» **Dataset extract**
•••••
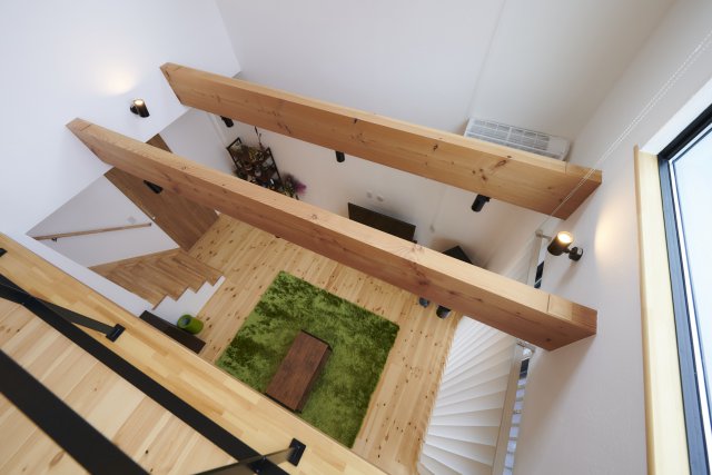 リビングの天井は開放感たっぷりの吹き抜けに。2Fにも光と風が吹き抜けるパッシブ設計に
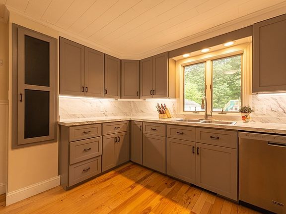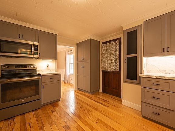Curb appeal! Fall in love with this charming 3 bedroom Cape with an updated Kitchen, new 1/2 Bath, planked ceilings and hardwood floors throughout – nothing to do but move in! First floor features a spacious Dining Room with wainscoting, Living Room with bay window, three season Porch and a multi-use space perfect for a Mudroom or Office. Second story has three Bedrooms and a Full Bath. Oversized detached 2 car Garage with additional heated Workshop is an ideal space for woodworkers and car enthusiasts. Two sheds provide plenty of space to store your garden equipment and tools. All set on a large flat lot.Improvements include newer windows, siding, roof and water heater. Convenient commuter location close to parks, transit, and shops. Not to be missed!
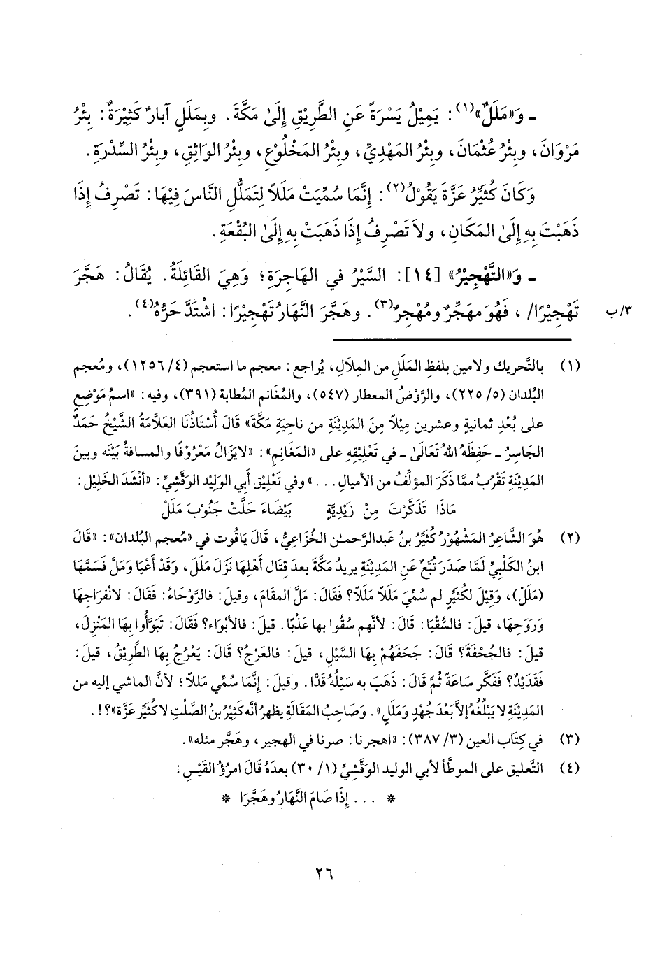 وكان كُثيرُ عزة يقول: إنما سميت مللاً لتملل الناس فيها: تصرف إذا ذهبت به إلى المكان، ولا تصرف إذا ذهبت به إلى البقعة.
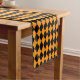 Halloween inspired table runner, featuring a chequered harlequin pattern in orange and black.
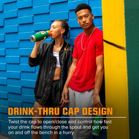 •Drink-Thru Cap Design – Twist the cap to open/close and control how fast your drink flows through the spout
•••••
» **Directions**
This exercise asks for the data above to be given again exactly, without pictures.

» **Solution to the exercise**
 リビングの天井は開放感たっぷりの吹き抜けに。2Fにも光と風が吹き抜けるパッシブ設計に
Curb appeal! Fall in love with this charming 3 bedroom Cape with an updated Kitchen, new 1/2 Bath, planked ceilings and hardwood floors throughout – nothing to do but move in! First floor features a spacious Dining Room with wainscoting, Living Room with bay window, three season Porch and a multi-use space perfect for a Mudroom or Office. Second story has three Bedrooms and a Full Bath. Oversized detached 2 car Garage with additional heated Workshop is an ideal space for woodworkers and car enthusiasts. Two sheds provide plenty of space to store your garden equipment and tools. All set on a large flat lot.Improvements include newer windows, siding, roof and water heater. Convenient commuter location close to parks, transit, and shops. Not to be missed!
 وكان كُثيرُ عزة يقول: إنما سميت مللاً لتملل الناس فيها: تصرف إذا ذهبت به إلى المكان، ولا تصرف إذا ذهبت به إلى البقعة.
 Halloween inspired table runner, featuring a chequered harlequin pattern in orange and black.
 •Drink-Thru Cap Design – Twist the cap to open/close and control how fast your drink flows through the spout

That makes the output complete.